Good afternoon,
We’re looking at H5Dread_multi
to read from multiple (1000s or more) datasets in a single call. Reading the [RFC] the new feature seems very promising, i.e. to my understanding the idea is to compute a list of offsets and sizes to read, sort the list by file offset, (maybe add checks to remove overlapping regions or join reads separated by small gaps), read collectively using MPI I/O. Then somehow HDF5 needs to convert the bytes to something the user expects (decompression, big/small endian, etc.).
To a naive reader none of this requires the following condition:
All datasets must be in the same HDF5 file, and each unique dataset may only be listed once. If this function is called collectively in parallel, each rank must pass exactly the same list of datasets in dset_id , though the other parameters may differ.
Our use case is that each MPI rank wants to read mostly distinct datasets; and therefore doesn’t seem to naturally satisfy the restriction mentioned above. The details about how many and how big each dataset is, have been described here [1]. However, feel free to ask for further information as needed.
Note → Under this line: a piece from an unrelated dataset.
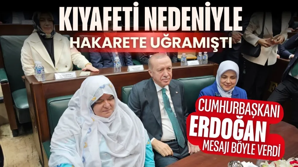 “Bilhassa bir asır önce İstiklal Harbimizde olduğu gibi beyaz örtmelerini giyerek Eskişehir Mihalgazi'den grup salonumuzu teşrif eden Belediye Başkanımız Zeynep Güneş ile birlikte tüm hanım arkadaşlarımıza, Anadolu kadınının bin yıllık asaletini bugün burada bir kez daha gösterdikleri için şükranlarımı sunuyorum" diyerek söze başlayan Erdoğan, "Milletten alınan yetkiyle ilçesine üç dönemdir hizmet eden başarılı bir kadın siyasetçi, şalvarlı bir kadın olarak ait olduğu ilçede görev yapmaktadır. 28 Şubat artığı bu kişinin bu faşizan, bu ukala, kibirli ve alçak davranışı bugün bir kez daha lanetliyorum. Yıllarca başörtülü kadınların eğitim hakkını, kamuda çalışma oranlarını gasp edenlerle, Anadolu kadınlarının asırları boyunca gururla taşıdığı yazmasına, tülbentine, şalvarına, çarşafına, ehramına, fistanına dil uzatanlarla, milletimize tepeden bakan, milletimizi hor ve hakir görenlerle mücadelemizi her zeminde sonuna kadar devam ettireceğimizi bilinmesini istiyorum"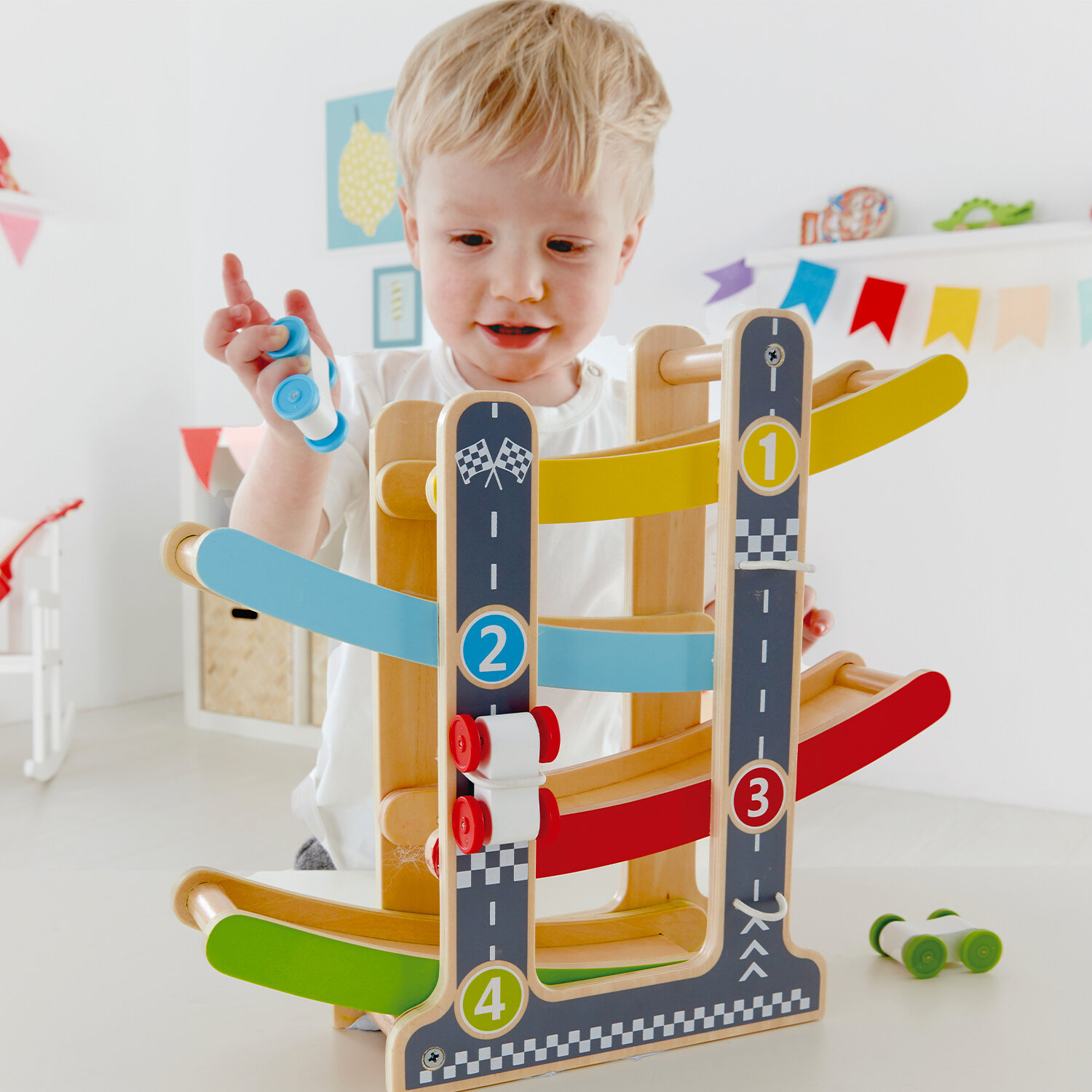 Купить Автотрек Hape "Быстрый переворот" E0438_HP, с машинками для мальчиков и девочек

We have the following questions:
- Is
H5Dread_multi
intended to work in our usecase? If yes:- How would we use it? One idea would be to: exchange the names of all datasets; open all datasets on every MPI rank; and tell almost every MPI rank to read
0
elements. I’m skeptical of this approach, because it in some ways it increases the size of the problem proportional to the number of MPI ranks in order to benefit from improved access patterns to the parallel filesystem. - Can HIDs be
MPI_Allgather
ed or are only valid in the process they were created?
- How would we use it? One idea would be to: exchange the names of all datasets; open all datasets on every MPI rank; and tell almost every MPI rank to read
- If not: can this feature be extended to support the case of many small groups? Are there any plans to do so?
Thank you for your time and help.